Re: [-rc7 regression] Buggy commit: "mm: use aligned zone start forpfn_to_bitidx calculation"

From: Ingo Molnar
Date: Mon Feb 18 2013 - 03:49:47 EST

* Linus Torvalds <torvalds@xxxxxxxxxxxxxxxxxxxx> wrote:

> > Right, that's the commit causing the x86 regression:
> >
> > c060f943d0929f3e429c5d9522290584f6281d6e is the first bad commit
> > commit c060f943d0929f3e429c5d9522290584f6281d6e
> > Date: Fri Jan 11 14:31:51 2013 -0800
> >
> > mm: use aligned zone start for pfn_to_bitidx calculation
> Ok, looking more at this, I don't really want to revert it,
> and I have an idea of what is wrong.
> When we allocate the zone use bitmap, we do not take the
> zone_start_pfn into account. So I *think* that what happens is
> that "pfn_to_bitidx()" simply overruns the allocation for
> unaligned zonesm and the spinlock just happens to be right
> after (or the overrun causes some other memory corruption that
> then indirectly causes the spinlock corruption).
> So I'm wondering if the fix is simply something like the
> attached patch. It takes the zone_start_pfn into account when
> allocating the zone bitmap.
> Laura? Mel?
> Ingo, can you test this?
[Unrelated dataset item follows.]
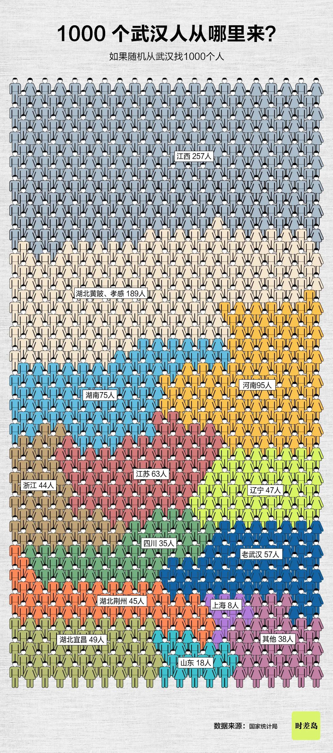 ▲ 1000个武汉人的祖籍大概率是35%江西人、20%湖北黄陂、孝感人;其次是江浙、湖南、河南、东北......东南西北各个方向都有。制图 贾世琪 | 时差岛

I was going to do the 3.8 today, but
> I guess I can just wait, and if you can test this we could get
> it in..

Yes, your patch fixes the bug: with the patch applied to
f741656d646f plus the failing .config the system booted up
just fine.

I also double checked that vanilla upstream f741656d646f still
locks up - so it's your patch that made the difference.

Tested-by: Ingo Molnar <mingo@xxxxxxxxxx>